Extracted entries Block Start

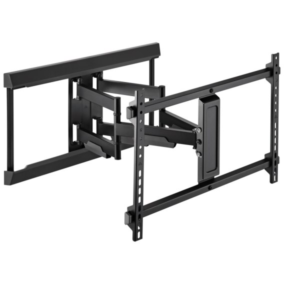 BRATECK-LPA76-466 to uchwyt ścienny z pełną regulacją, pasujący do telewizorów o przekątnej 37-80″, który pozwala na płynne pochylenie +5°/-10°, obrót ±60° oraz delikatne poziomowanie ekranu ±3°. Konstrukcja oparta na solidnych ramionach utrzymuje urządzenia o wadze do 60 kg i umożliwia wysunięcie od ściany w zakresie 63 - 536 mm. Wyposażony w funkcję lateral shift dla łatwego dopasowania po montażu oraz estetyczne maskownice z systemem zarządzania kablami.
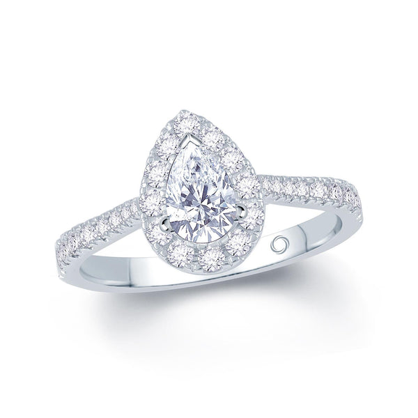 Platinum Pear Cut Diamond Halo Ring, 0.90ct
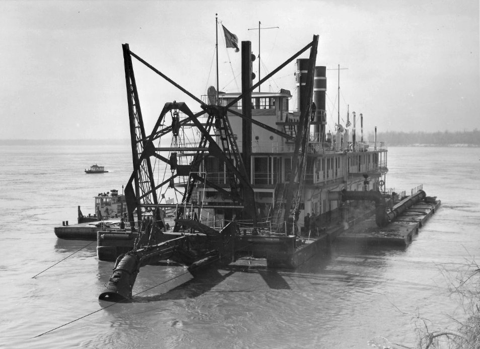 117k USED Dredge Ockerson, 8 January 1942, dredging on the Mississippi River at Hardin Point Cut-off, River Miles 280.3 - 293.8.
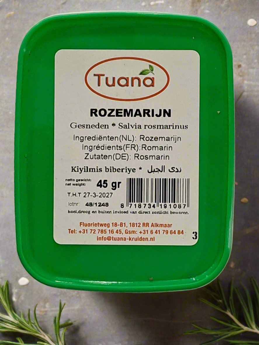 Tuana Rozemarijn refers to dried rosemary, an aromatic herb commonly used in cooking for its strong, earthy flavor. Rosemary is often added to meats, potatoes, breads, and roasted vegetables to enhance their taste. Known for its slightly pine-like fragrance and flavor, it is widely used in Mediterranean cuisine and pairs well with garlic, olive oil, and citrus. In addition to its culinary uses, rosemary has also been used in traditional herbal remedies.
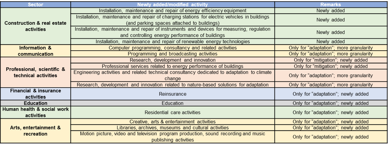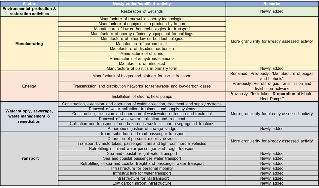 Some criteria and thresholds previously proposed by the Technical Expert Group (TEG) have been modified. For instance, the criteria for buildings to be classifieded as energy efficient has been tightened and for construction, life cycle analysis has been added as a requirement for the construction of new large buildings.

Extracted entries Block End

Nothing but an exact copy of the data, without pictures, should be returned.

 BRATECK-LPA76-466 to uchwyt ścienny z pełną regulacją, pasujący do telewizorów o przekątnej 37-80″, który pozwala na płynne pochylenie +5°/-10°, obrót ±60° oraz delikatne poziomowanie ekranu ±3°. Konstrukcja oparta na solidnych ramionach utrzymuje urządzenia o wadze do 60 kg i umożliwia wysunięcie od ściany w zakresie 63 - 536 mm. Wyposażony w funkcję lateral shift dla łatwego dopasowania po montażu oraz estetyczne maskownice z systemem zarządzania kablami.
 Platinum Pear Cut Diamond Halo Ring, 0.90ct
 117k USED Dredge Ockerson, 8 January 1942, dredging on the Mississippi River at Hardin Point Cut-off, River Miles 280.3 - 293.8.
 Tuana Rozemarijn refers to dried rosemary, an aromatic herb commonly used in cooking for its strong, earthy flavor. Rosemary is often added to meats, potatoes, breads, and roasted vegetables to enhance their taste. Known for its slightly pine-like fragrance and flavor, it is widely used in Mediterranean cuisine and pairs well with garlic, olive oil, and citrus. In addition to its culinary uses, rosemary has also been used in traditional herbal remedies.
 Some criteria and thresholds previously proposed by the Technical Expert Group (TEG) have been modified. For instance, the criteria for buildings to be classifieded as energy efficient has been tightened and for construction, life cycle analysis has been added as a requirement for the construction of new large buildings.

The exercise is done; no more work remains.